Lagrange interpolation in the exponent

Question

I am going over the paper https://verifiable-timed-signatures.github.io/web/assets/paper.pdf and on page 5, it says the following:

Suppose I have a t-out-of-n threshold sharing scheme for the secret $\sigma=H(m)^\alpha$. The first $t-1$ shares are defined as $\sigma_i = H(m)^{\alpha_i}$, where $\alpha_i$ are sampled randomly in the field.

Then, for $i \in \{ t, t+1, \dots, n \}$, we defined the shares as follows: $\sigma_i = \left(\frac{\sigma}{\prod_{1\leq j \leq t-1} \sigma_j^{l_j(0)}}\right)^{l_i(0)^{-1}}$

where $l_i()$ is the i-th Lagrange polynomial basis.

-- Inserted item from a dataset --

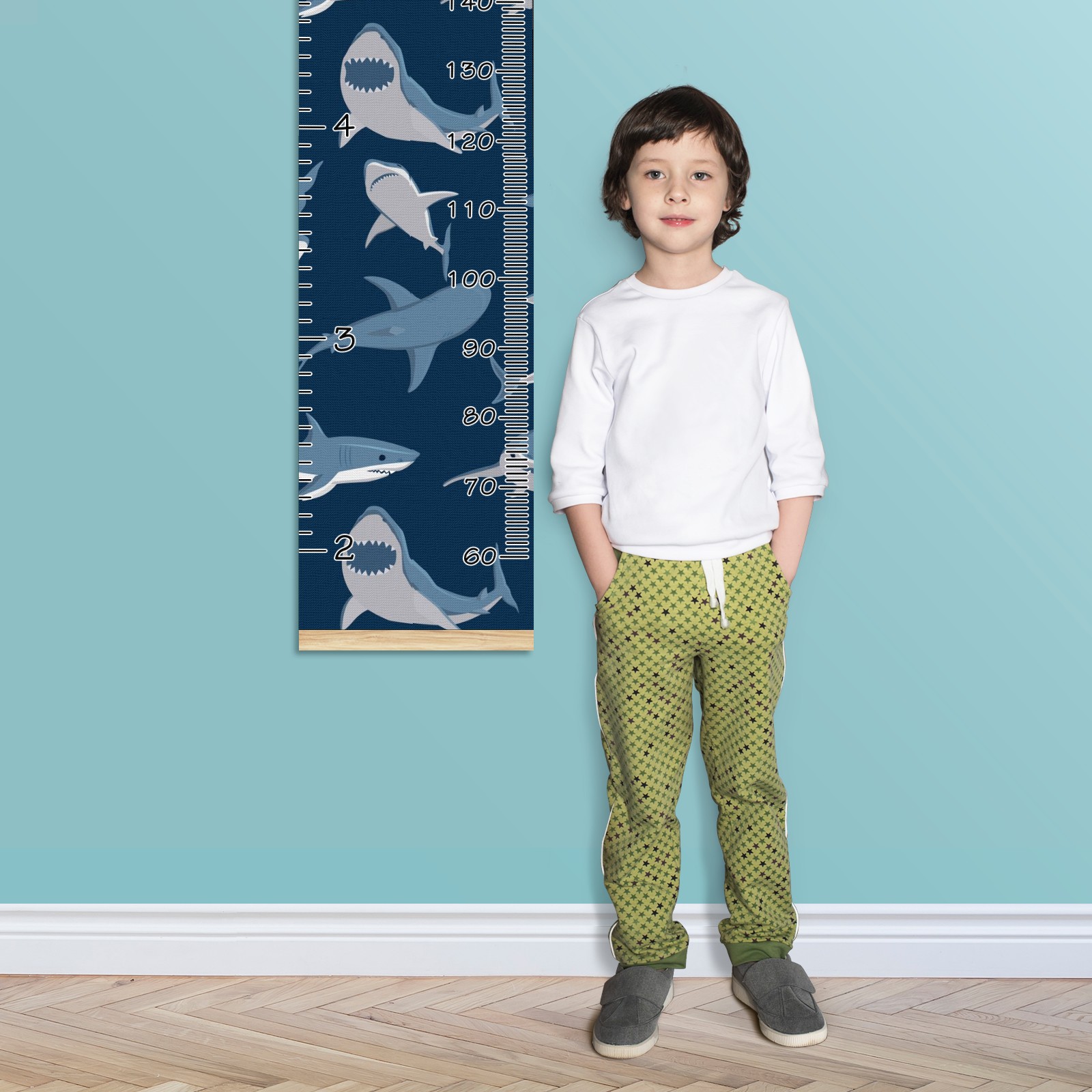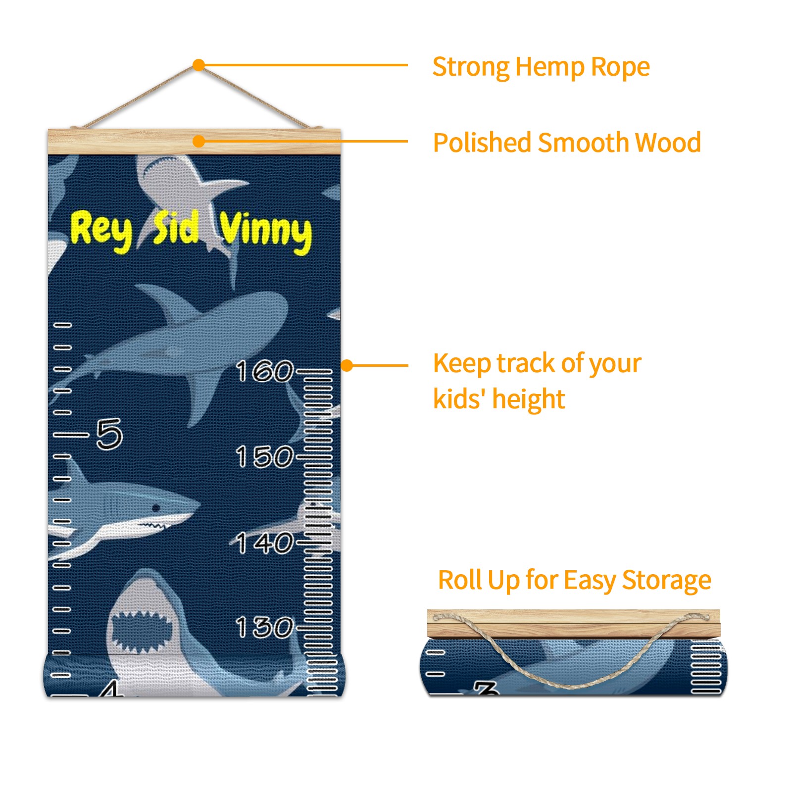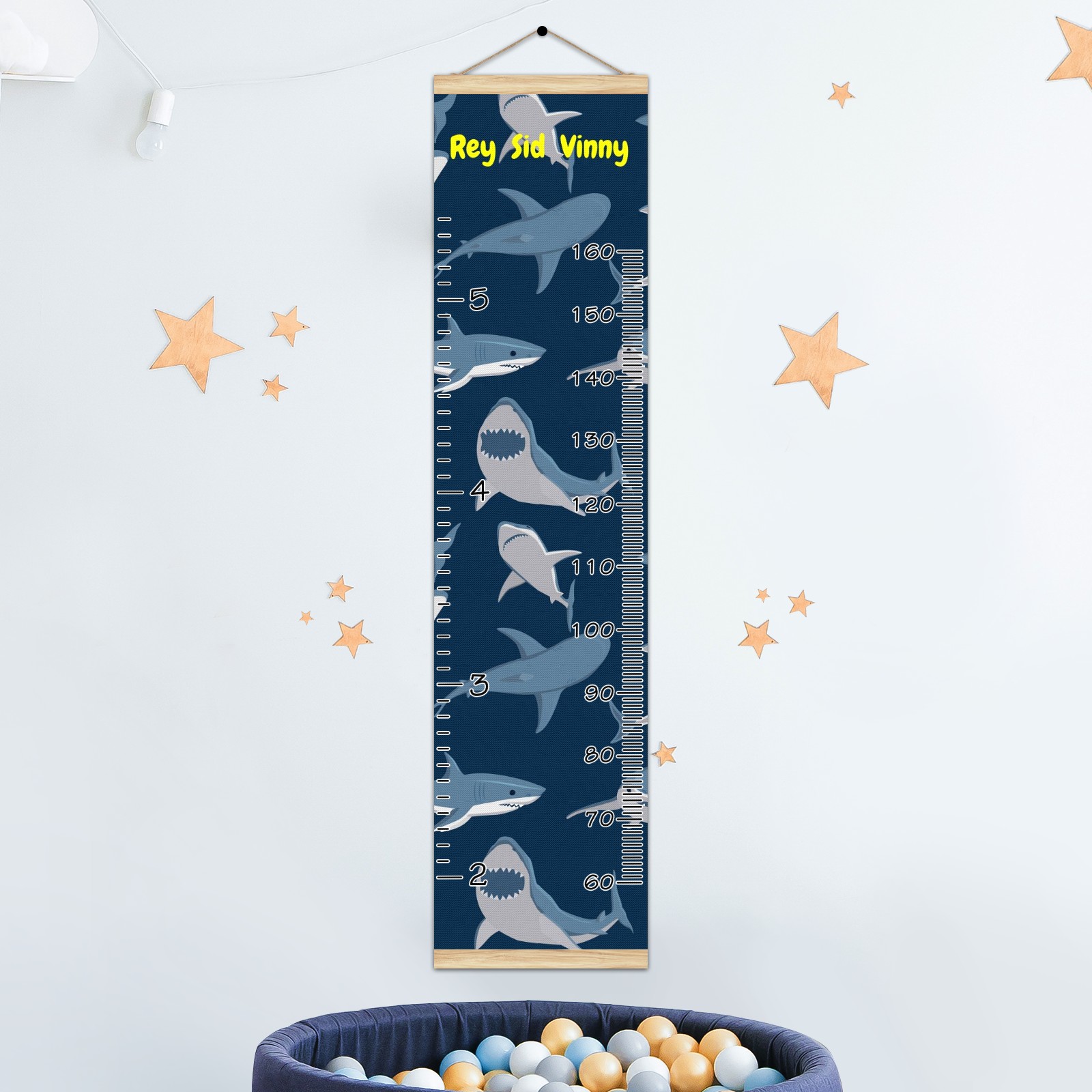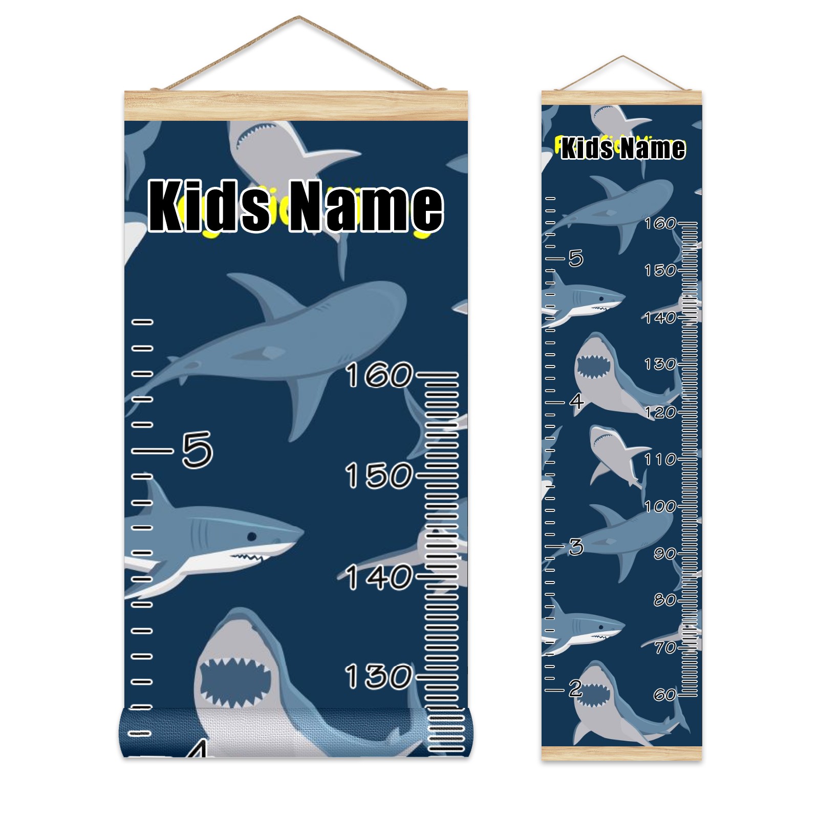 Personalized Kids Name Growth Chart Ruler for Wall Wood Frame Height Measure Chart 13.4x56 in Linen Hanging Height Growth Chart Shark Blue Seamless Pattern3.21 Kids Room Decor

My question is: what are the $l_i$ exactly? Because to calculate each $l_i$, wouldn't I need to know at least $t$ $\sigma_i$? It seems like I am using information I don't have it to calculate each $\sigma_i$.

Answer 1

Let $L$ be a Vector Space of Polynomials of $x$ of degree $\leq n-1$ with coefficients in some field $\mathbb{K}$.

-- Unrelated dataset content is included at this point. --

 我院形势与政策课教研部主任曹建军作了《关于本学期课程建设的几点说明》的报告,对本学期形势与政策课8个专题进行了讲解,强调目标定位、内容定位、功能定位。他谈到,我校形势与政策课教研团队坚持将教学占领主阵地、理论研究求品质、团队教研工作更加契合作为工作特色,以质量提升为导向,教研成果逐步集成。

Normally we define $$l_i(x) :=\prod _ {{j=1},{j\neq i}}^n \frac{x-a_j}{a_i-a_j}$$ as the Lagrange polynomial basis. Note that

$$l_i(0) :=\prod _ {{j=1},{j\neq i}}^n \frac{-a_j}{a_i-a_j}= (-1)^{n-1}\prod _ {{j=1},{j\neq i}}^n \frac{a_j}{a_i-a_j} $$ is a constant and it suffices to compute the expression in the question given only the first $t-1$ $\sigma_i$'s.